_Task requirements_
Retype only what runs from the first line of the records to the line with "Előre hosszabbodó haj, hátul", inclusive, and no pictures.

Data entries
*** Block opens ***

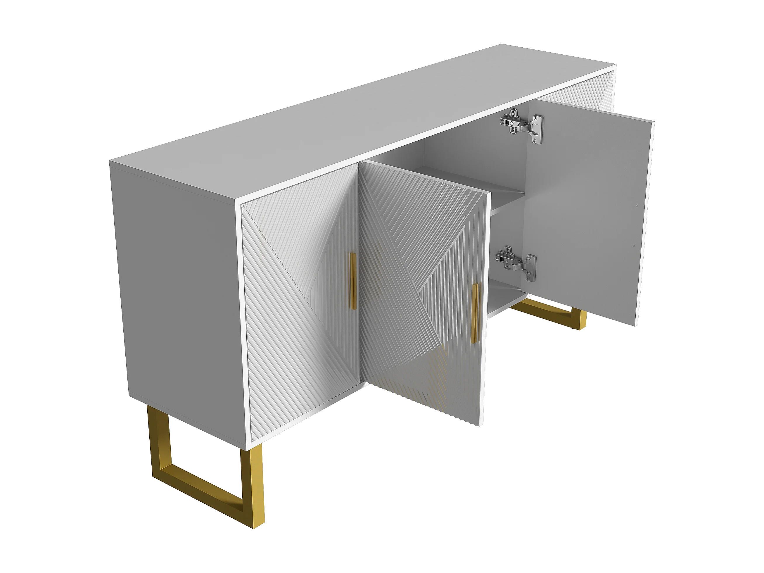 Buffet 150x40x82 cm avec cloisons réglables MDF et panneaux de particules en blanc pour salon et cuisine
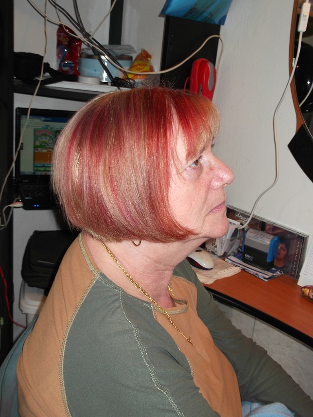Előre hosszabbodó haj, hátul kissé felszedve, + pink melír
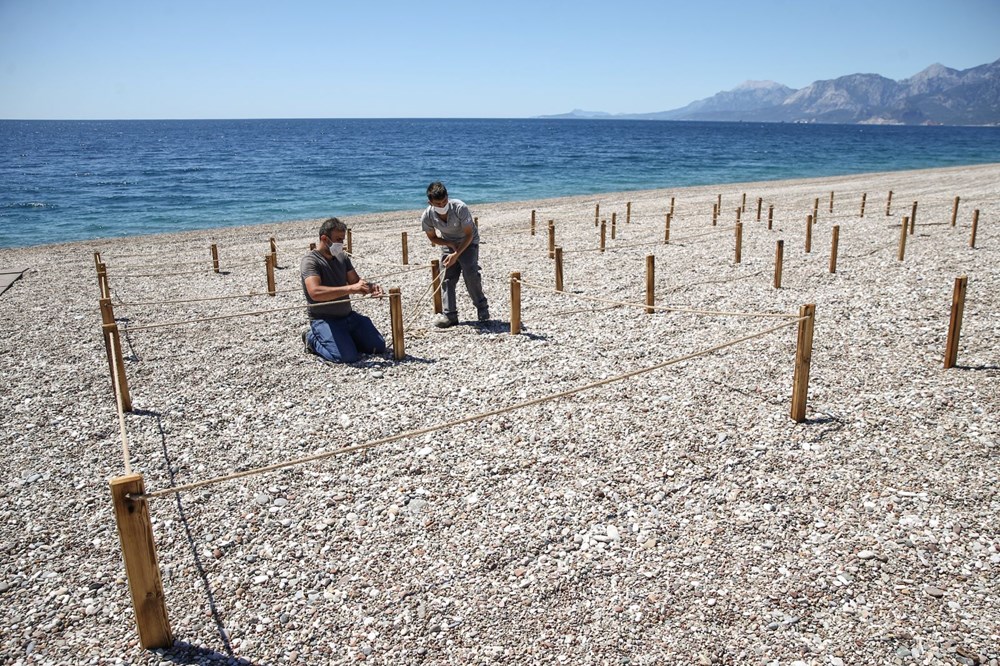 Если в парках Измира на траве были нарисованы круги для определения безопасной дистанции, то на пляже Коньяалты создали квадратики, где разместят шезлонги и зонтики.
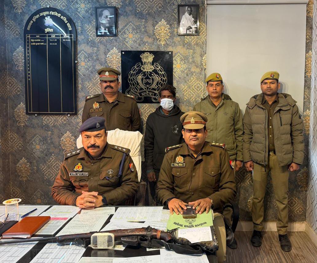 वाराणसी/-ऑपरेशन चक्रव्यूह के तहत मुखबिर की सूचना पर बीते पाँच दिनों पूर्व चोरी के दर्ज मुकदमे का सफल अनावरण करते हुए आरोपी शिव कुमार पटेल पुत्र स्व राम फकीर पटेल निवासी ग्राम नरउर थाना रोहनिया जिला वाराणसी को बाड़ासुर मन्दिर गेट के पास से शनिवार को गिरफ्तार करते हुए उसके निशांदेही पर चोरी की एक रायफल व तीन जिन्दा कारतूस बरामद किया गया उक्त गिरफ्तारी व बरामदगी के आधार पर थाना रोहनिया पुलिस द्वारा अग्रिम विधिक कार्यवाही करते हुए जेल भेज दिया गया।आपको बता दे कि 14 दिसम्बर 2025 को पीड़ित अखिलेश कुमार वर्मा द्वारा थाना रोहनिया पर सूचना दिया गया कि 13 दिसम्बर 2025 को प्रार्थना पत्र दिया गया कि ग्राम जगतपुर स्थित मेरे किराये के मकान से लाईसेन्सी रायफल व बैग एटीएम आधार कार्ड पैन कार्ड चेक बुक व 5000 नकद व जरूरी दस्तावेज व समरसिबल स्टार्टर मिक्सी मशीन तार सहित अज्ञात द्वार चोरी कर लिया गया है।
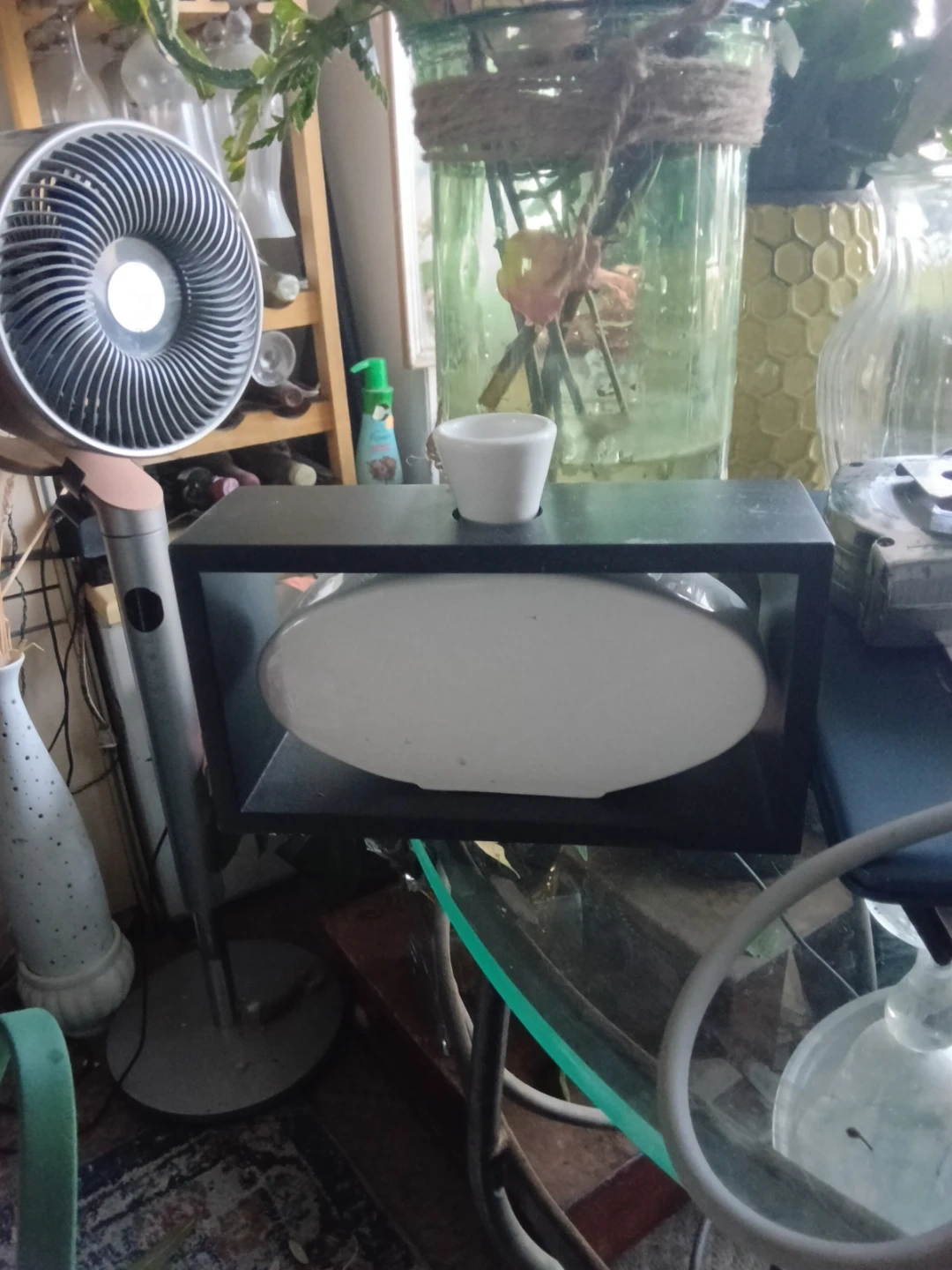 This is an oval white vase with a black stand. It has a small white cup on top. It's a unique decorative piece.
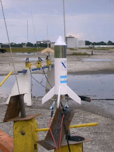 Brief: The Estes X-Prize Gauchito is a 1:55 scale model of Pablo de Leon and Associates' Ansari X-Prize entry. This model flies on 13mm motors up to 300 feet, recovers on a 12 inch parachute and has a removable display nozzle assembly. Construction: The kit came packaged in a plastic bag with header card and included the body tube, motor mount tube, motor retention hook, motor ...
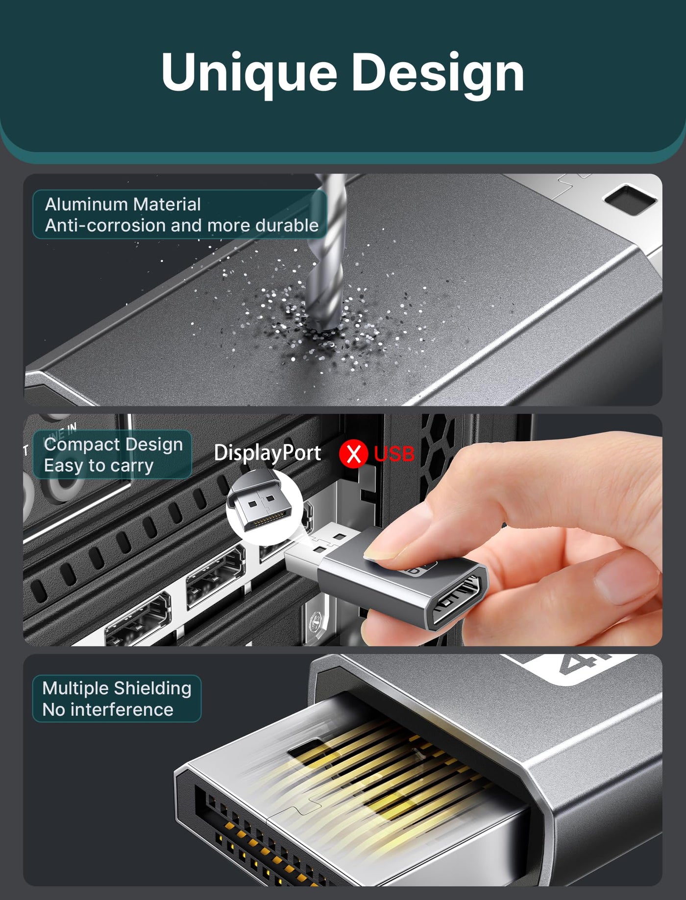 Jsaux 4K Displayport To Hdmi Adapter 2 Pack, Dp Pc To Hdmi Monitor Converter Video Uhd 2K@120Hz,4K@30 Dp To Hdtv Male To Female

*** Block closes ***

_Task answer_
 Buffet 150x40x82 cm avec cloisons réglables MDF et panneaux de particules en blanc pour salon et cuisine
Előre hosszabbodó haj, hátul kissé felszedve, + pink melír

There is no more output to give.